# Glossary for Reliability and Validity

Definitions and explanations of the most important terms generally associated with statistical reliability and validity

Reliability and validity are concepts used to evaluate the quality of your research. They indicate how well a method, technique or test measures something.

Reliability and validity are two central themes within statistics. The *reliability* refers to the phenomenon that the measurement instrument provides consistent results. If you repeat the same measurement, a reliable instrument will provide the same result. *Validity* describes whether the construct that is aimed to be measured, is indeed being measured by the instrument. The validity is dependent upon the aim of the study: an instrument may be valid for one concept, but not for another. A valid measurement is always a reliable measurement too, but the reverse does not hold: if an instrument provides consistent result, it is reliable, but does not have to be valid.

The score of a participant on a measurement consists of two parts: 1) the true score of the participant and 2) measurement error. In short:

\[Observed\: score = True\: score + Measurement\: error\]

The true score is the score that a participant would have had if the measurement technique was perfect and hence no measurement errors have been made. However, the measurement techniques that researchers use are (almost) never flawless. All measurement techniques consist of measurement error. Because of these measurement errors, scientist can never reveal the exact score of a participant.

Measurement errors and reliability of a measurement are related. When a measurement has a low reliability, the measurement errors are large and the researcher knows little about the true scores of the participants. When a measurement has a high reliability, little measurement error occurred. The observed scores of a participant are then a good (but not perfect) reflection of the true score of the participant.

Scientist are never completely certain how much measurement error is persistent in a study and what the true scores of participants are. In addition, they do not know how reliable their measure is precisely, but they can estimate how reliable it is. If they determine that their measure was not reliable enough, they can try to make their measurement more reliable. If making their measurement more reliable is not possible, they can decide not to use the measurement at all.

The total variance in a data set of scores consists of two parts: 1) variance by true scores and 2) variance by measurement errors. In formula form, this is:

\[{\small Total\: variance = Variance\: by\: true\: scores + Variance\: by\: measurement\: errors}\]

We can also say that the proportion of total variances that is in accordance with the true scores of the participants is the

*systematic variance*, because the true scores are systematically related to the measurement.The variance that is caused by measurement errors is called

*error variance*, because this variance is not related to what the scientist examines.We therefore can say that the reliability can be computed by dividing the systematic variance by the total variance:

\[Reliability = \frac{Systematic\: variance}{Total\: variance}\]

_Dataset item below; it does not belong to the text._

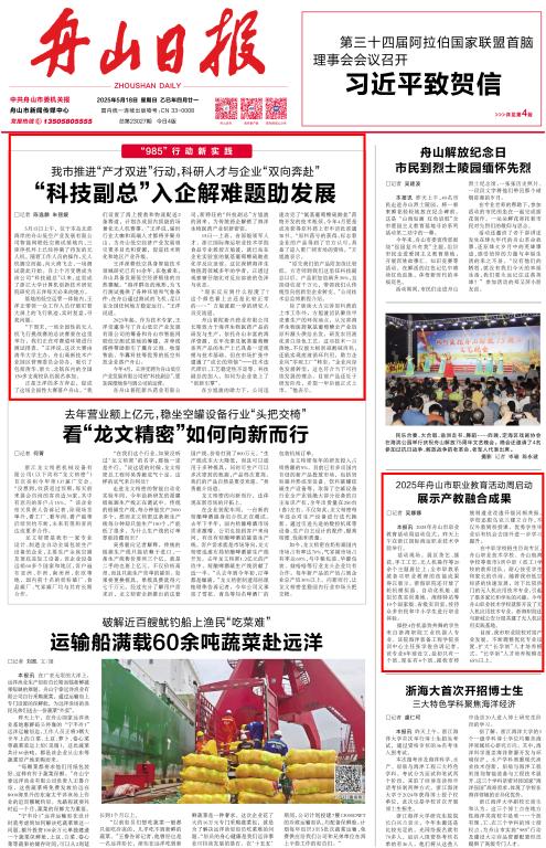 (2025年5月18日《舟山日报》头版)

- The reliability of a measurement is somewhere between 0 and 1. A reliability of 0 implies that the scores solely exist of measurement errors and that there is no true score variance present in the data. The scores only refer to measurement errors. The reverse applies to a reliability of 1: now, only true score variance is present, and there is no variance caused by measurement errors. The rule-of-thumb is that a measure is reliable when the reliability is at least .70. This implies that 70% of the variance in the data refers to true score variance (systematic variance).

Researchers use three types of reliability for analyzing their data: 1) test-retest reliability 2) inter-item reliability and 3) inter-rater reliability.

Test-retest reliability refers to the consistency in the responses of participants throughout time. Often, participants are measured with time between the measurement occasions. If we assume that a characteristic is stable, the person should get similar scores with similar measurements. If someone scores 110 on an IQ-test the first time, this person should score around 110 on the second measurement occasion. This is because IQ is a relatively stable concept. However, both measurement occasions will not be completely similar, so measurement errors will occur. If the correlation between both tests is high (at least .70), a test (here: IQ-test) has a high reliability. Examples where we expect a high test-retest reliability are: intelligence-, attitude- and personality tests. Examples where we expect a low test-retest reliability are less stable characteristics such as hunger, fatigue or concentration level.

The inter-item reliability is important for measurements that consist of more than one item. *Inter-item reliability* refers to the extent of consistency between multiple items measuring the same construct. Personality questionnaires for example often consist of multiple items that tell you something about the extraversion or confidence of participants. These items are summed up to a total score. When researchers sum up the answers of participants to receive a single score, they have to be certain that all items measure the same construct (for example extraversion). To check to what extent items are in accordance with each other, the *item-total correlation* can be computed for each combination of items. This is the correlation between an item and the rest of all items combined. Each item on the measurement instrument should correlate with the remaining items. An item-total correlation of .30 or higher per item is considered to be sufficient.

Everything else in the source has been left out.